Gov’t budget shortfall hits two-month high

The government’s budget deficit widened to a two-month high in August, as revenues fell more sharply than expenditures, which slid to their lowest level in six months.
The Marcos administration incurred a fiscal shortfall of P84.8 billion, 56 percent bigger compared with the level a year ago, the Bureau of the Treasury reported on Wednesday. Data showed this was the widest budget gap since June, when the deficit amounted to P242 billion.
The figures underscore the persistent mismatch between revenue collection and government outlays, prompting the government to continue borrowing money from local and foreign creditors to plug the budget hole.
From January to August, the fiscal gap reached P869 billion, up nearly a quarter from last year, though still only a little more than half of the revised P1.56-trillion deficit ceiling set for 2025.
For the Treasury, the shortfall remained “well-managed” and “on track” with the target.
Government revenues fell to a two-month low in August, contracting 8.8 percent to P352.5 billion. That pulled year-to-date collections to P3.1 trillion, still 3 percent higher than a year earlier.

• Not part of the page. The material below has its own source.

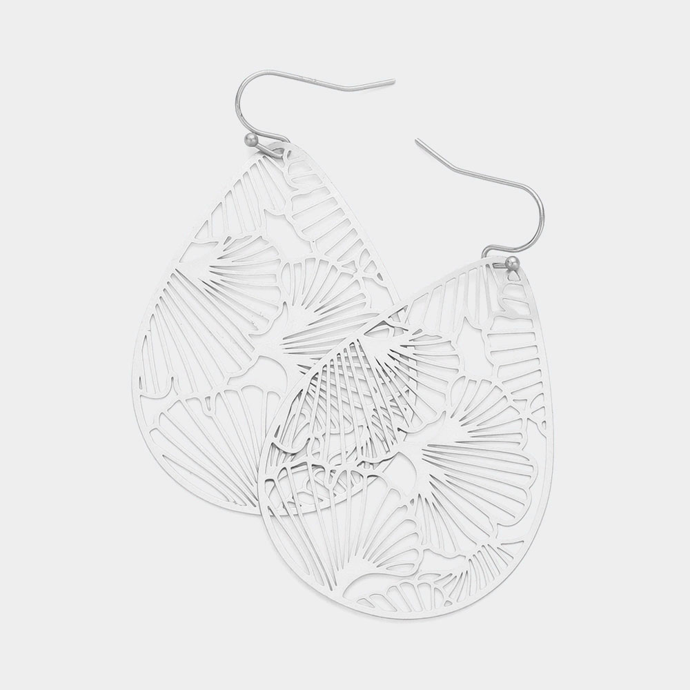 Metal Gingko Leaves Filigree Teardrop Dangle Earrings
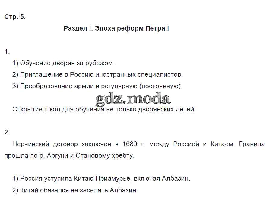 ГДЗ решение к заданию № 5 История России 8 класс рабочая тетрадь Кочегаров К.А. Русское слово 2017 ФГОС бесплатно на гдз.мода!

The Bureau of Internal Revenue, the government’s main tax agency, collected P250.1 billion in August, up 5 percent. Since January, it has generated P2.1 trillion, an 11 percent increase fueled by gains in corporate and personal income taxes, value-added tax, excise taxes on tobacco, percentage taxes on financial institutions and documentary stamp duties.
The Bureau of Customs, by contrast, posted a 1.4-percent drop in August revenues to P77.4 billion. Its collections since the start of the year reached P621 billion, up just 1.1 percent, amid lower tariffs on rice and electric vehicles and easing global inflation, which eroded the base for import duties.
Meanwhile, spending edged down by 0.74 percent to P437.3 billion, the lowest since February’s P423 billion. This brought the eighth-month expenditures to P3.95 trillion, growing by 7.15 percent.
This year, the government plans to borrow P2.6 trillion from lenders to plug its budget shortfall, which is estimated to reach 5.5 percent of gross domestic product. The drive is expected to push the debt stock to P17.36 trillion by year’s end.